WORK REQUEST >> For this exercise, write out only the lines of the entries below from the one with "HMI page 'RobotDetail'" up to and including the one with "據抖音商城最新一期鍋巴人氣榜", exactly as they are. Pictures stay out.

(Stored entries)
───
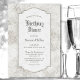 A rustic pale grey carved stone birthday dinner celebration invitation.
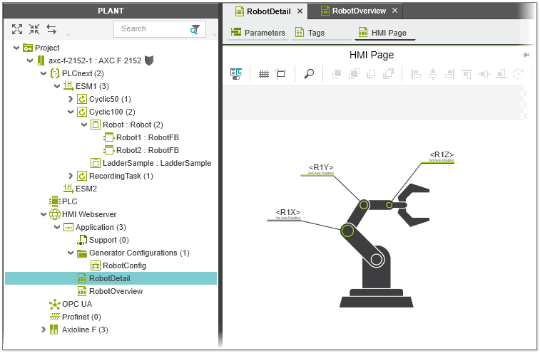 HMI page 'RobotDetail' with an instance of the 'Robot' symbol
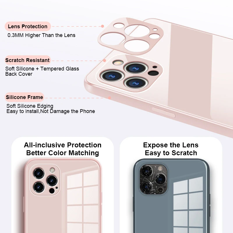 FeaturesTempered Glass Back Cover Silicone Frame Phone Case
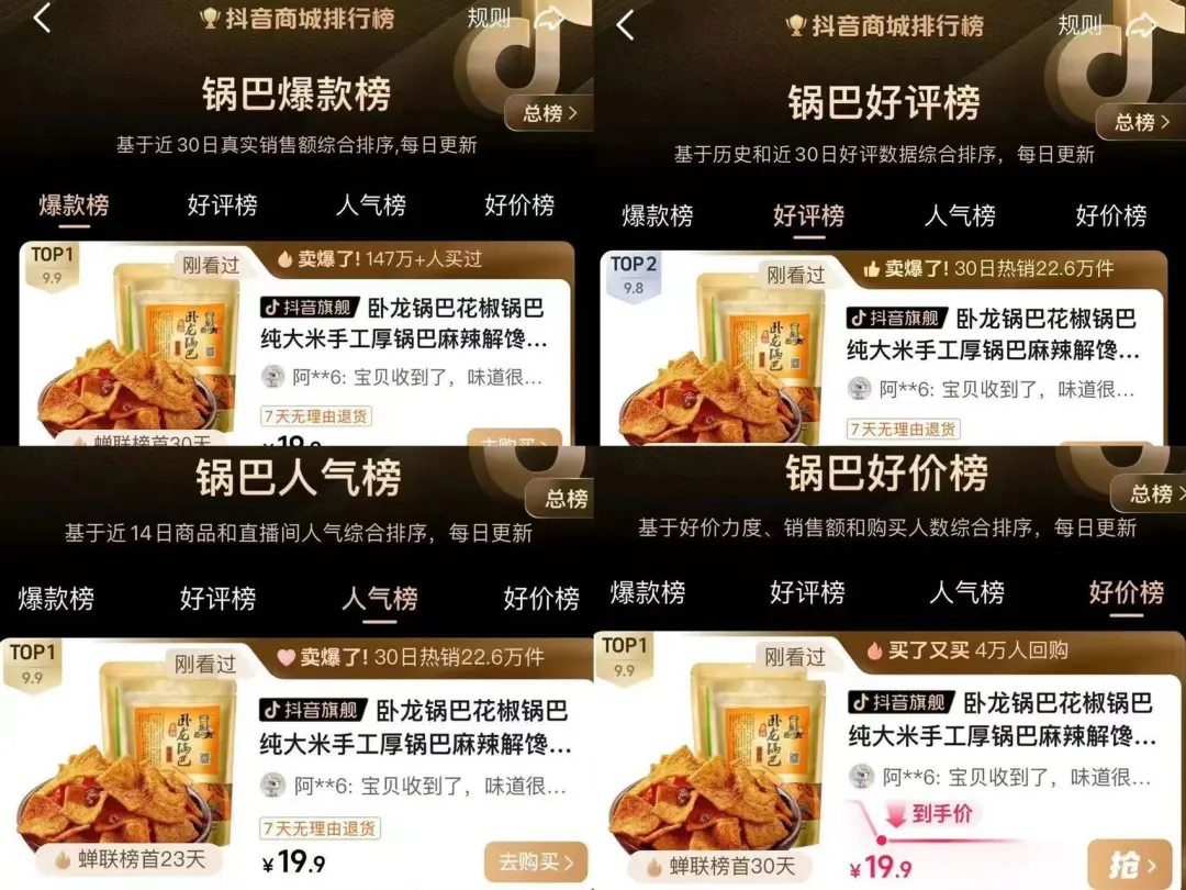 據抖音商城最新一期鍋巴人氣榜、爆款榜、好價榜,好評榜排名顯示。臥龍公司以“臥龍鍋巴、花椒鍋巴”兩大單品包攬人氣榜、爆款榜、好價榜TO1,是當之無愧的行業領軍者。
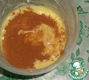 Добавить какао-порошок и сахар с корицей. Перемешать. Тесто готово. Вылить тесто в форму и испечь корж в духовке при 180 градусах. Диаметр моей формы 20 см.
───
RESPONSE >>
 HMI page 'RobotDetail' with an instance of the 'Robot' symbol
 FeaturesTempered Glass Back Cover Silicone Frame Phone Case
 據抖音商城最新一期鍋巴人氣榜、爆款榜、好價榜,好評榜排名顯示。臥龍公司以“臥龍鍋巴、花椒鍋巴”兩大單品包攬人氣榜、爆款榜、好價榜TO1,是當之無愧的行業領軍者。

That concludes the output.